Problem description — When the line with "Подключите страницу компании" comes up, set it down and every later line to the end of the data, exactly and without pictures.

Source material —
+++

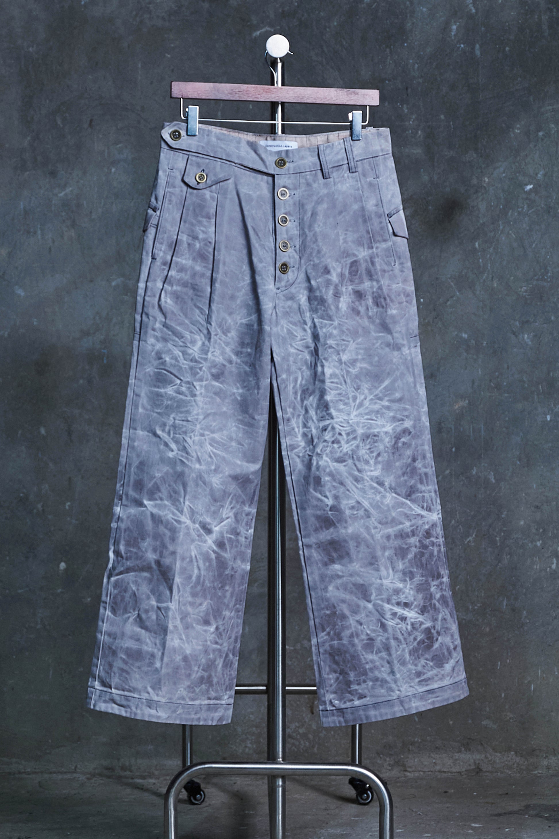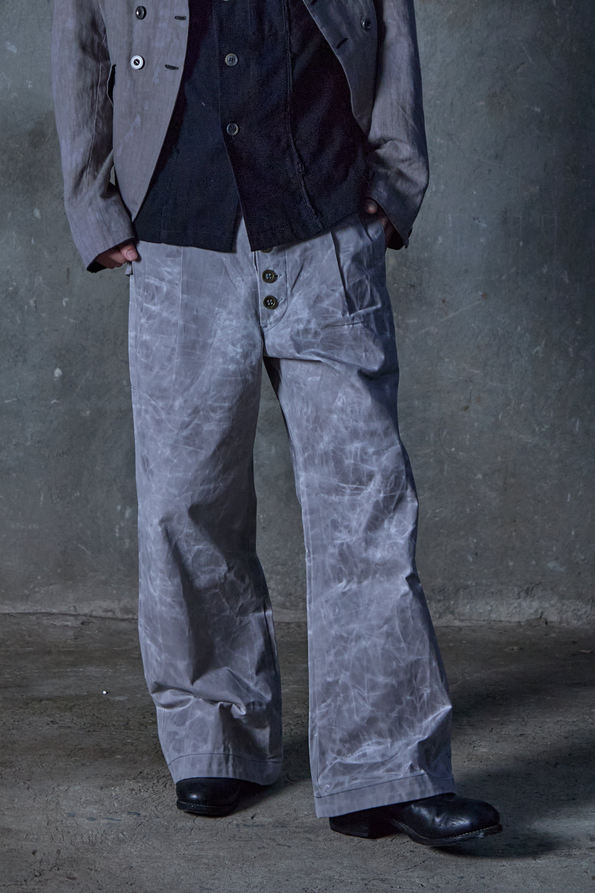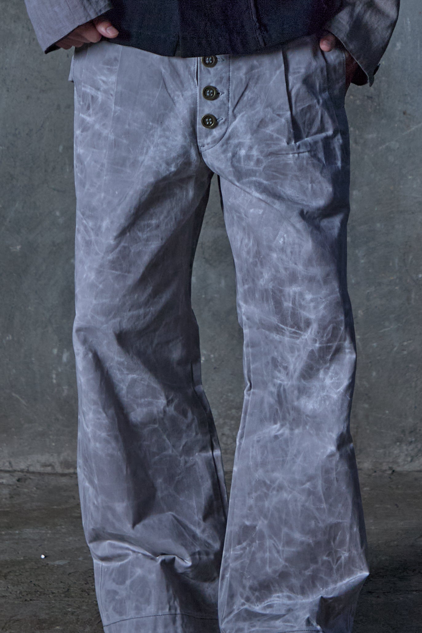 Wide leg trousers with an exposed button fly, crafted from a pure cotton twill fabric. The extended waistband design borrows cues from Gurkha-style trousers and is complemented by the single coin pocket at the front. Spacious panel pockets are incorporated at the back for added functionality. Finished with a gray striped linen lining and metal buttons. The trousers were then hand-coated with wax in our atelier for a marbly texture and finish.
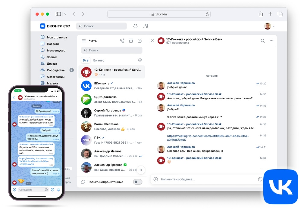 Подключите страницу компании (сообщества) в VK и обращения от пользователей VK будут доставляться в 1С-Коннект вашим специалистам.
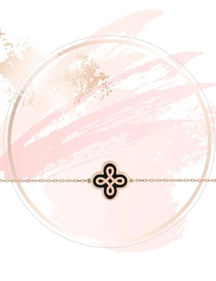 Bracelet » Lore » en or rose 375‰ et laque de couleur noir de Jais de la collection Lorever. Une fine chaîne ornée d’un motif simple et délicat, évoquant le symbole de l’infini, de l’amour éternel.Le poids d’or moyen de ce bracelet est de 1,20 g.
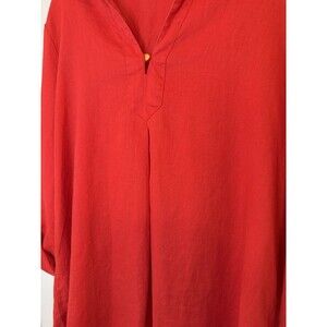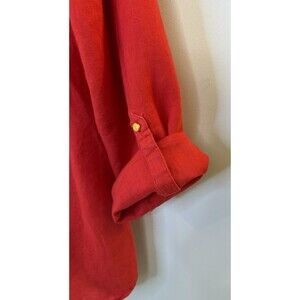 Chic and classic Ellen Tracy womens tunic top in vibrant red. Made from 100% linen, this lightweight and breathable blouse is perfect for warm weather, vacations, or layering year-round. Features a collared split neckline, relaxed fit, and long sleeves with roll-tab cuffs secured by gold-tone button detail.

+++

Written reply —
 Подключите страницу компании (сообщества) в VK и обращения от пользователей VK будут доставляться в 1С-Коннект вашим специалистам.
 Bracelet » Lore » en or rose 375‰ et laque de couleur noir de Jais de la collection Lorever. Une fine chaîne ornée d’un motif simple et délicat, évoquant le symbole de l’infini, de l’amour éternel.Le poids d’or moyen de ce bracelet est de 1,20 g.
 Chic and classic Ellen Tracy womens tunic top in vibrant red. Made from 100% linen, this lightweight and breathable blouse is perfect for warm weather, vacations, or layering year-round. Features a collared split neckline, relaxed fit, and long sleeves with roll-tab cuffs secured by gold-tone button detail.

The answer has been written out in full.